Dead Suspect in Pentagon Attack Was a Marine Corps Washout
The man faced a series of charges earlier this year tied to alleged offenses in Georgia, with a judge ordering that he be barred from owning guns while the cases progressed. Those charges haven’t moved forward in the Georgia court system, which has an extensive backlog due to the coronavirus pandemic.
The Pentagon was placed on lockdown for more than an hour Tuesday morning after a man ambushed a law enforcement officer at a Metro transit station just steps outside the building.
Austin Lanz, 27, of Georgia, was identified by law enforcement officials as the suspect, according to reporting from The Associated Press. He allegedly ran at one officer and stabbed him in the neck. Lanz was shot and killed by other responding officers. Officials are still investigating the motive behind the attack.
Lanz enlisted in the Marine Corps on Oct. 9, 2012, but was “administratively separated” on Nov. 2 that year, according to Maj. Jim Stenger, a Marine Corps spokesperson.
A new recruit or service member can be separated for a large roster of reasons, ranging from criminal issues, poor behavior, failure to meet military standards or drug abuse. It is unclear what led to Lanz’s swift dismissal.
“He never earned the title Marine,” Stenger said to Military.com in a statement.
Lanz was arrested in April in Cobb County, Georgia, on burglary and criminal trespassing charges, according to court records. A second criminal case was filed against him the same day on one count of making a terrorist threat, rioting in a penal institution and two counts of aggravated battery on police officers.

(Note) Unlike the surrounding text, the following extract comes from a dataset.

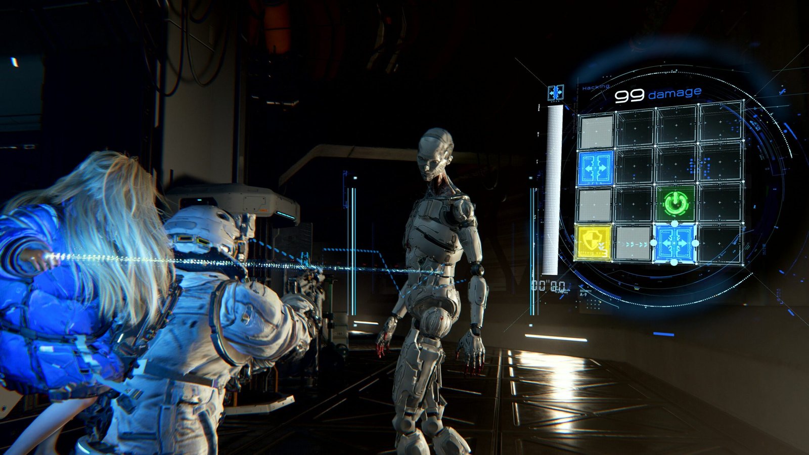 Ceci se fait via la pression d’une touche et fera apparaitre une grille sur laquelle voudrez utiliser les touches de la manette pour faire passer un curseur au bon endroit. Sans ça, vos ennemis seront tout particulièrement résistants, il est donc absolument nécessaire de le faire. L’idée est bonne, mais dans les 15 minutes de sessions, la boucle de combat était déjà routinière (hacking, on dérouille la tête du robot et on passe à l’ennemi/le couloir suivant). Même le boss ne rajoute pas vraiment de sauce en plus à cette maigre recette. Pour tout ce qui concerne le reste, l’exploration semble plutôt pauvre et les quelques énigmes manquaient de challenge. Malgré un RE Engine toujours au top visuellement, la direction artistique générale me paraissait bien trop léché avec ses robots et ses bip-boup de l’espace lunaire, immaculé d’un blanc très convenue quand on est sur la Lune. Il faudra clairement que Capcom sorte en dehors des sentiers définis par cette version présentée s’il souhaite que cette licence dépasse la démo technique.
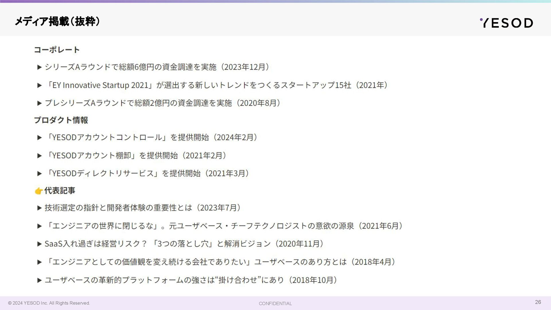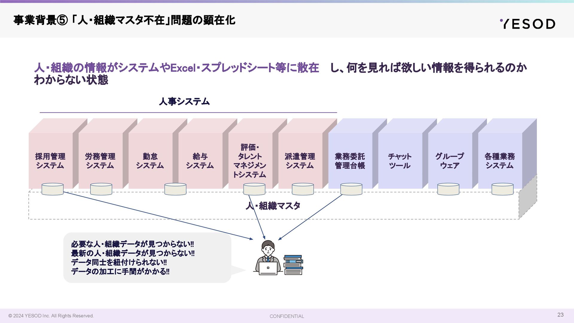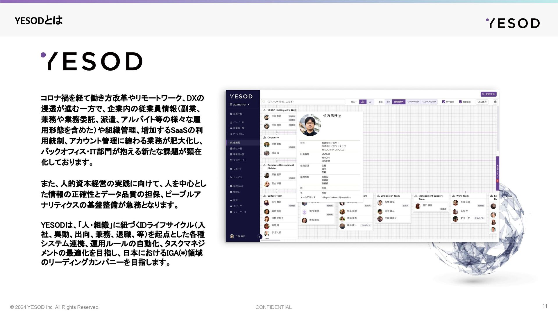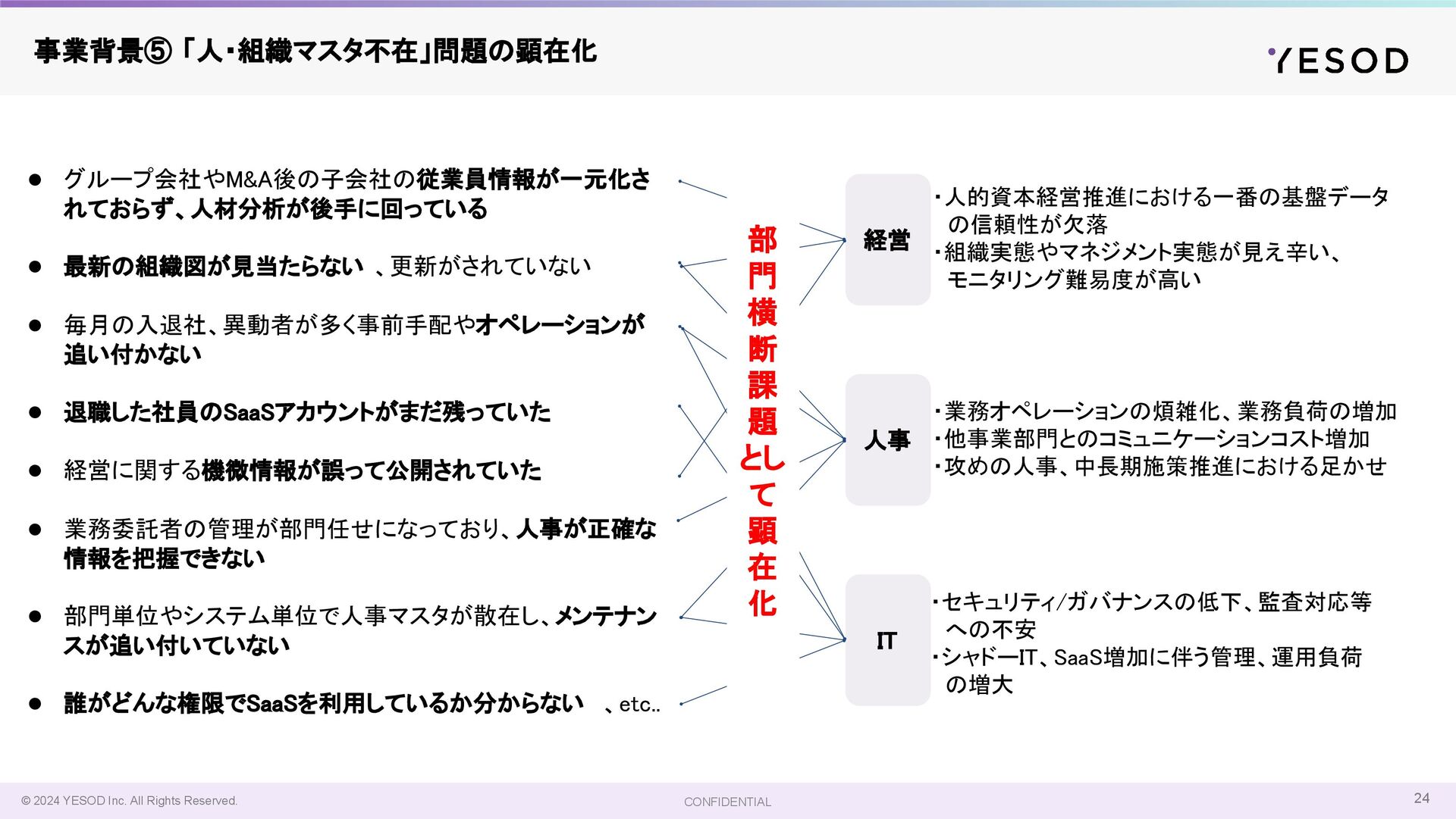 YESOD Inc. All Rights Reserved. CONFIDENTIAL 19 事業背景① SaaS利用の浸透・拡大 「働き方の多様化」、「DX推進」、「クラウドシフト」の流れから業務システムを中心にSaaS化が不可逆な流れとして進んでいる エンタープライスでは1社あたり 数百のSaaS利用 も一般的 ※出典:DNX VenturesがSaaS for SaaS領域に注目する理由 (2024年8月6日 note記事)

He was released on a $30,000 bond and ordered by the court to undergo a mental health evaluation and prohibited from ingesting alcohol or using illegal drugs. He also lost his rights to own firearms.
Military.com reached out several times to the attorney listed for Lanz in Georgia court records but did not get an immediate response.
Lanz also was ordered to stay away from a specific home address in Acworth, Georgia, and a man who resides there. That man declined to be interviewed when reached by phone by a Military.com reporter.
According to a court clerk for the Cobb County Magistrate Court, Lanz’s case was referred to Cobb County Superior Court. However, records indicate that the Cobb County District Attorney’s Office had yet to indict Lanz at the time of the shooting.
Latonia P. Hines, a spokeswoman for the Cobb County District Attorney’s Office, told Military.com that the case had yet to be presented to a grand jury. She added that empaneling grand juries had been held up by COVID-19 restrictions.
Pentagon officials identified the officer killed in the line of duty as George Gonzalez. He joined the Pentagon police force in 2018. He previously served in the Army and was an Iraq War veteran.
“As we mourn the loss of Officer Gonzalez, our commitment to serve and protect is stronger. Officer Gonzalez’s family is in our thoughts and prayers. May he rest in peace,” the Pentagon said in a statement.
Gonzalez, a native of Brooklyn, New York, was a “die-hard Yankees fan,” according to the Defense Department.
Details surrounding the attack are scarce, with Pentagon officials still withholding key details. At a press conference Tuesday, Woodrow Kusse, the chief of the Pentagon Force Protection Agency, declined to answer any questions regarding what led up to the attack, or how many bystanders or other officers were injured.
Defense Secretary Lloyd Austin and Gen. Mark Milley, chairman of the Joint Chiefs of Staff, were at the White House at the time of the attack for a scheduled meeting with the president, according to Pentagon Press Secretary John Kirby.